EXERCISE INSTRUCTIONS => Set down exactly the lines in the records below that run from the line with "Golden Doodle Personalized" to the line with "APP34-161022 FAISALABAD: October", inclusive, and nothing more.

EXERCISE DATA =>
=== Section Start ===

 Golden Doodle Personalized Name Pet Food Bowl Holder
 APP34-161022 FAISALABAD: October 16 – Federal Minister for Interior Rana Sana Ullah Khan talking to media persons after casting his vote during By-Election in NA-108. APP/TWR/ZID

=== Section End ===
=== Section Start ===

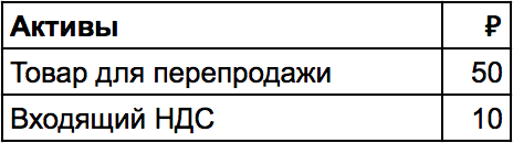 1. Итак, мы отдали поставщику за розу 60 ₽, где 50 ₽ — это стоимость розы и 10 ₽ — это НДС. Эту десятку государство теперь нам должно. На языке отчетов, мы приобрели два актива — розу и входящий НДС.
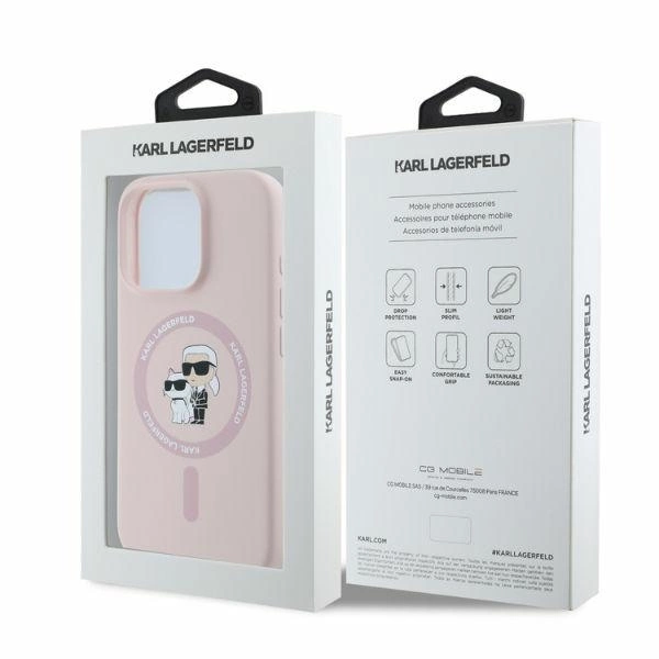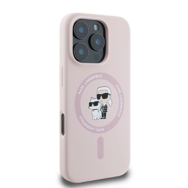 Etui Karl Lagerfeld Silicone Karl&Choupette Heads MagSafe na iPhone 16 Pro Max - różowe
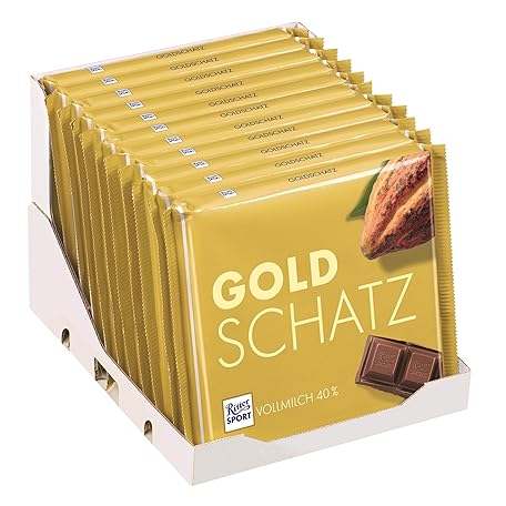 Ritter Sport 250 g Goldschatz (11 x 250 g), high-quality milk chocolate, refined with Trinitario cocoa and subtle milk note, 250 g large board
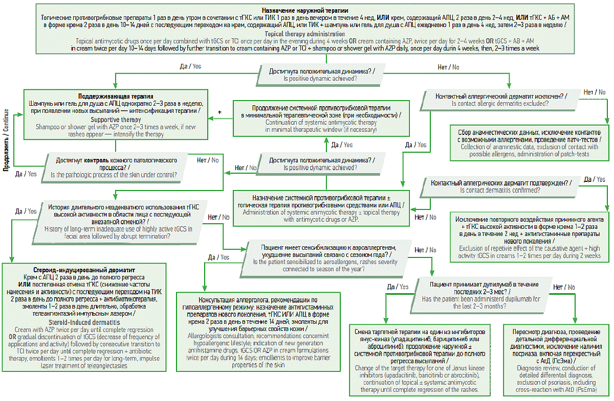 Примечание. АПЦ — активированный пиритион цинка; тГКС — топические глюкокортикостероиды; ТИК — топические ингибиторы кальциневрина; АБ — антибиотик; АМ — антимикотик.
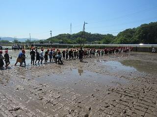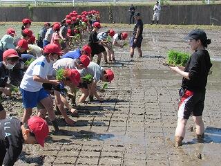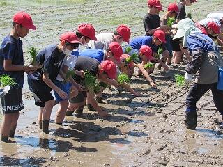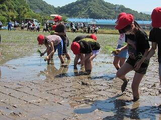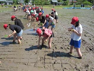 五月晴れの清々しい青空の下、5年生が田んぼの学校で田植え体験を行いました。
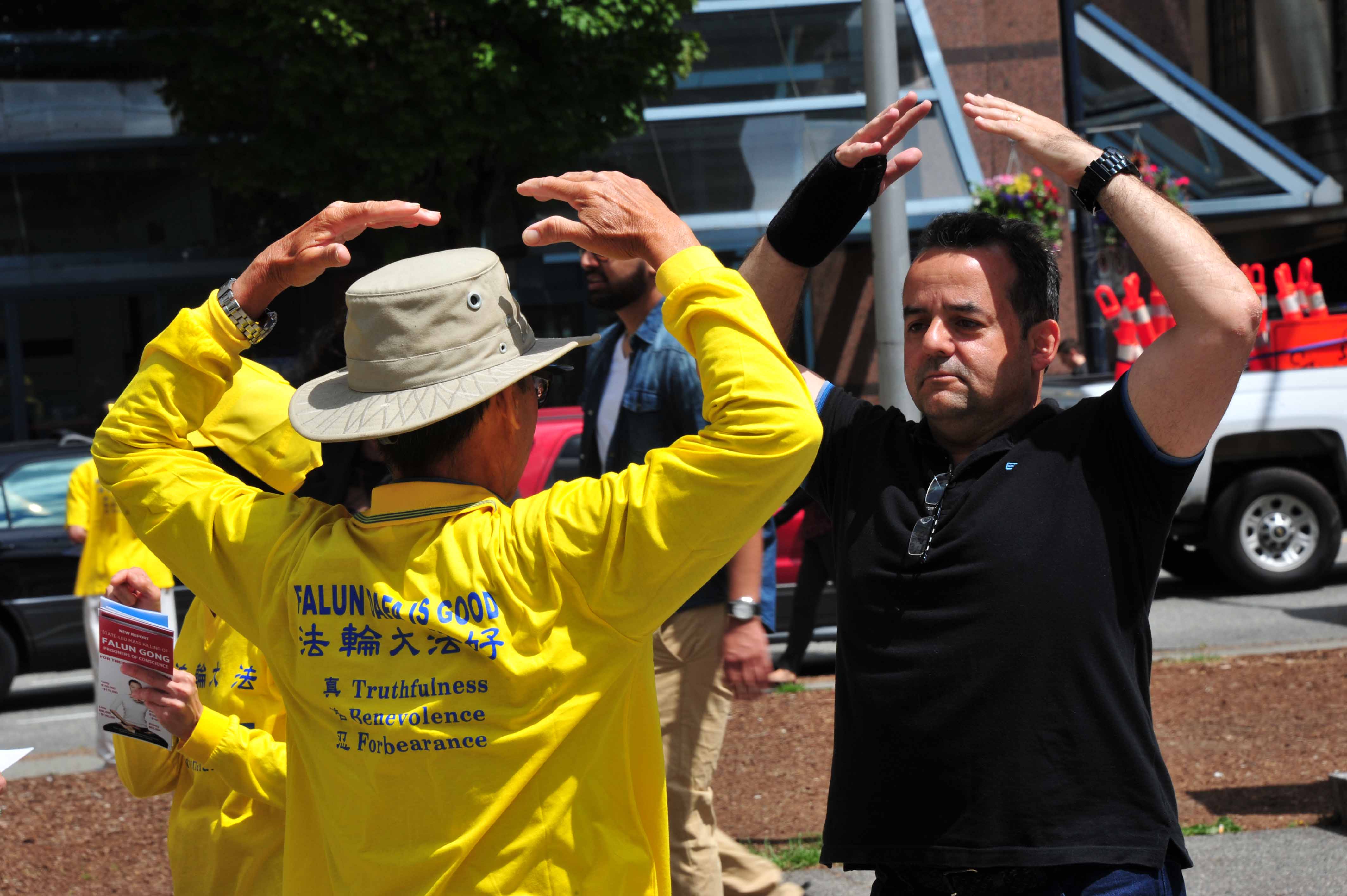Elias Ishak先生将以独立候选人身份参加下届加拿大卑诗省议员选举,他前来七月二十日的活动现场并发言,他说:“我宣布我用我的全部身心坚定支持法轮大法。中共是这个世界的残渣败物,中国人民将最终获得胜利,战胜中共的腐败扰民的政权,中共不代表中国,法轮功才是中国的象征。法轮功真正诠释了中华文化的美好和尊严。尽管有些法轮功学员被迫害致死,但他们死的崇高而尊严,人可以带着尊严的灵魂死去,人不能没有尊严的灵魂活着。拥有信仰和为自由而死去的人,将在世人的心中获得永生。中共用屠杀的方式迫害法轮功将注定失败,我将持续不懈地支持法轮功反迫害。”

=== Section End ===
=== Section Start ===

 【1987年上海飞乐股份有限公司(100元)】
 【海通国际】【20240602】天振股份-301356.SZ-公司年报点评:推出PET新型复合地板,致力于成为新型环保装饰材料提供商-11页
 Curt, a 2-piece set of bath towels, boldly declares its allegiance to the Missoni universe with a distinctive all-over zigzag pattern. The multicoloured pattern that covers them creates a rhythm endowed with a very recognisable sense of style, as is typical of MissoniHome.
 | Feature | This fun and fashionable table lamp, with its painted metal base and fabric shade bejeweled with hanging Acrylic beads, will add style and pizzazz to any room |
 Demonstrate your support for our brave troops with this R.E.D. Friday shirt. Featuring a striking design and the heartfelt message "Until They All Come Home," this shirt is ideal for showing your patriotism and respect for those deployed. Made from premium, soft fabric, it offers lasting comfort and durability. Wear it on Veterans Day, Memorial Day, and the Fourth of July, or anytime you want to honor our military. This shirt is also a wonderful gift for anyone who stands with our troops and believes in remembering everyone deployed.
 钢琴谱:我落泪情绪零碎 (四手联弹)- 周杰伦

=== Section End ===

FINISHED EXERCISE =>
 Golden Doodle Personalized Name Pet Food Bowl Holder
 APP34-161022 FAISALABAD: October 16 – Federal Minister for Interior Rana Sana Ullah Khan talking to media persons after casting his vote during By-Election in NA-108. APP/TWR/ZID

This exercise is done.